I was one of those two patients. I am eternally grateful to Joe and his colleagues for not only getting to the heart of the outbreak and allowing a broken system to be mended but for offering me a sense of understanding about how I had gotten infected. Along the way, several other healthcare professionals with whom I was in contact scoffed at my insistence that I had been infected during my healthcare procedure—and that many other patients had, too. Ever since this first unusual “meeting,” I have followed the tremendous work of Joe Perz and the CDC’s extraordinary Division of Healthcare Quality Promotion (DHQP). I’m a fan!
It is my privilege and honor to direct loyal readers of HONOReform’s weekly blog—and all people who are interested in joining us to change healthcare for the better—to this great new series of pages on the CDC website. “Risks of Healthcare-associated Infections from Drug Diversion” is a much- and long-needed resource.
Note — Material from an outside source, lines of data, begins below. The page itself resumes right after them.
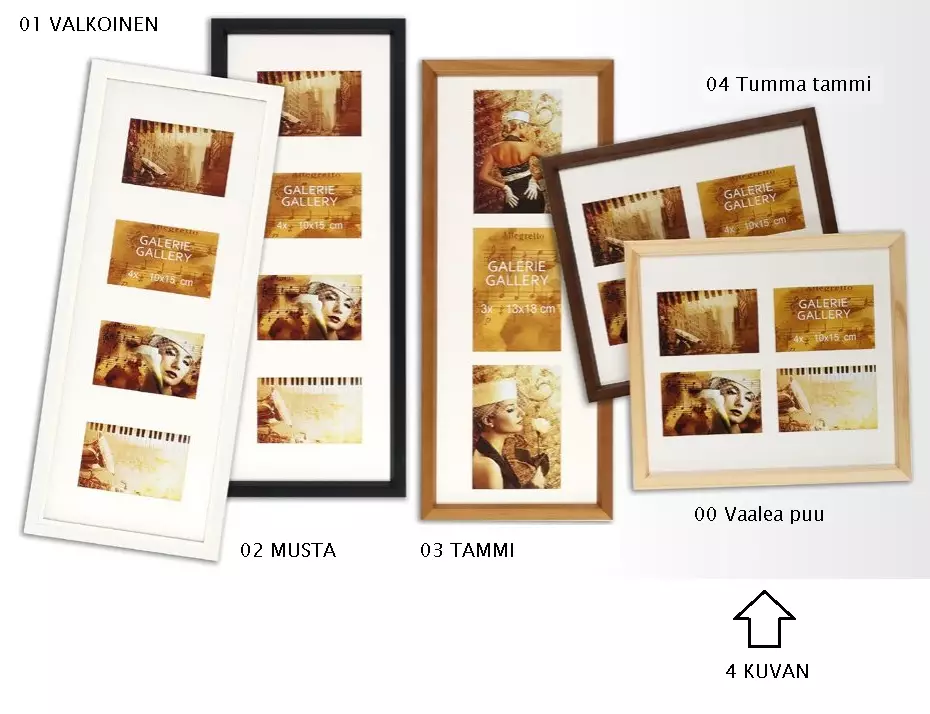 Aidosta puusta valmistettu galleriakehys 4:lle 15x10 valokuvalle, 2+2 kuvaa.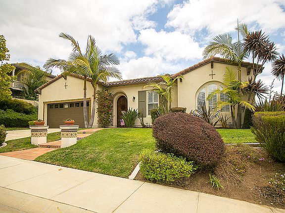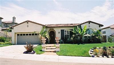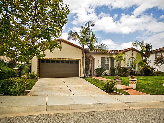 Welcome to this lovely, single-story 4 bedroom, 2.5 bath, 2666 square foot home in desirable Dos Vientos. You'll know this is the one you've been waiting for as you walk through the private courtyard entrance, through the rounded wood door, into this gorgeous home. You'll fall in love with the imported travertine floors, plantation shutters, 9' ceilings & dramatic archways. The gourmet eat-in kitchen boasts granite counters, custom cabinets, stainless steel appliances, butler's pantry & built-in desk. The adjacent family room has cozy, raised fireplace with mantle. The master bedroom has its own door to the backyard & large walk-in closet. The master bathroom has dual vanities, oversized soaking tub & shower with glass blocks. There are 3 nice-sized secondary bedrooms, all with recessed lights, carpet & shutters. 3-car garage with epoxy floors, recessed lights & extensive built-in cabinets. The private backyard has tiled patio, grassy area with play structure & dog run. Welcome Home!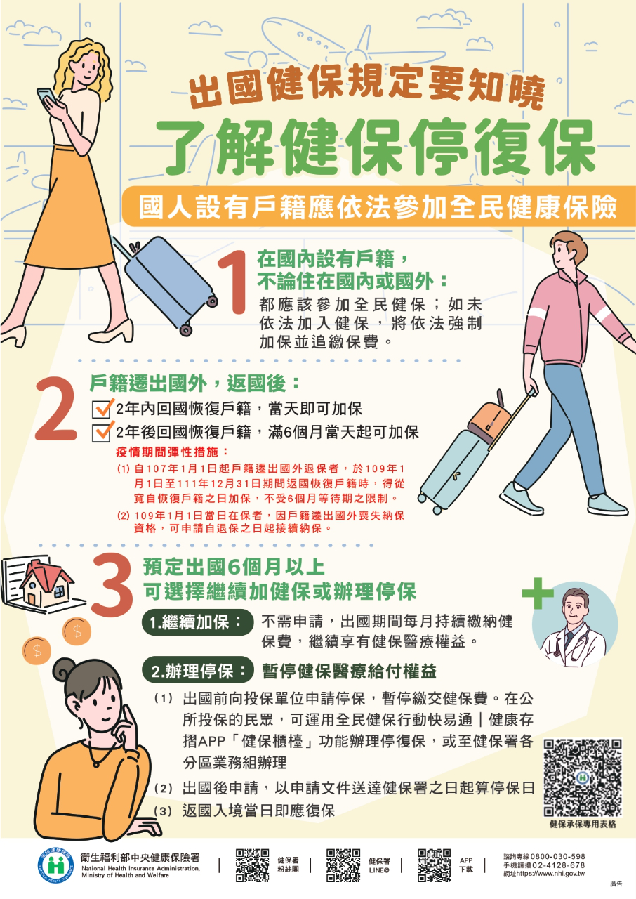 根據台灣衛福部健保署「全民健康保險」相關規定,為保障健保權益,在台灣有戶籍的鄉親要記得參加健保,並且繳納保費;出國期間可辦理停保,如果未辦停保仍應持續繳保費。各位鄉親如有疑問,請洽健保署諮詢專線0800-030-598;手機請撥02-4128-678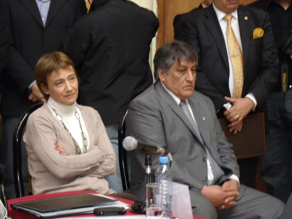No todo podía salir bien, la gobernadora fue retirada por una puerta posterior, mientras los agentes tiraban gases lacrimogenos y había empujones e insultos por la situacion general de la provincia.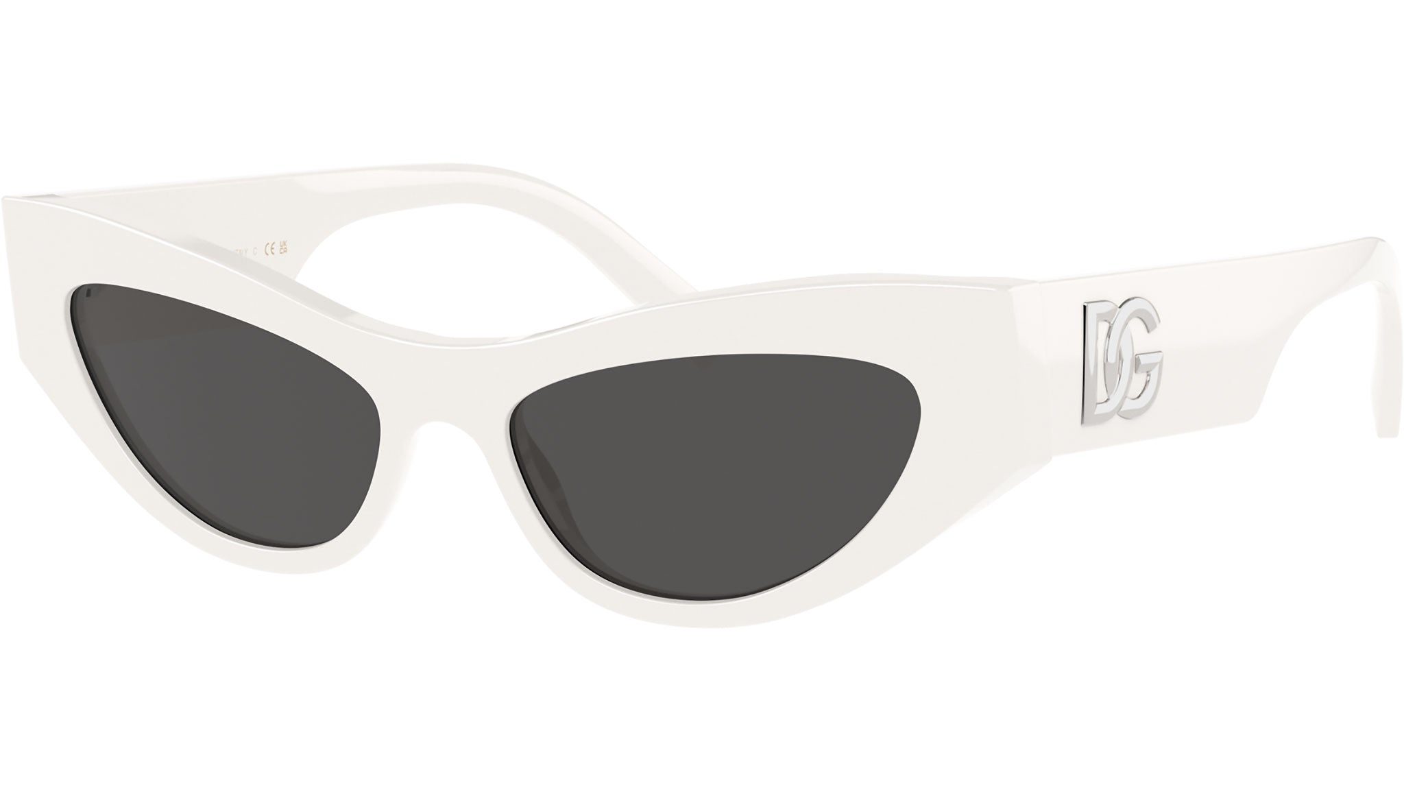 Occhiali da sole Dolce&Gabbana modello DG 4450 linea Dna codice colore 331287 bianco in acetato forma cat eye con lenti color grigio scuro.

I encourage all healthcare workers to review this information—and to share it with colleagues.
http://www.cdc.gov/injectionsafety/drugdiversion/
Clearly, drug diversion prevention is a complicated issue. Everyone who is involved in this prevention work knows there is much work in many most of our healthcare systems in the United States that needs to be done. To that end, I have joined colleagues on the HONOReform-led Drug Diversion Prevention Committee. One of our goals is to help host a federal meeting in the fall on this issue.
Because of awareness and education efforts like the one developed by Joe Perz and his brilliant and committed colleagues, we are one step closer to an effective national system that will allow these types of never events a thing of the past.
I pledge to do everything I can to support efforts to prevent drug diversion.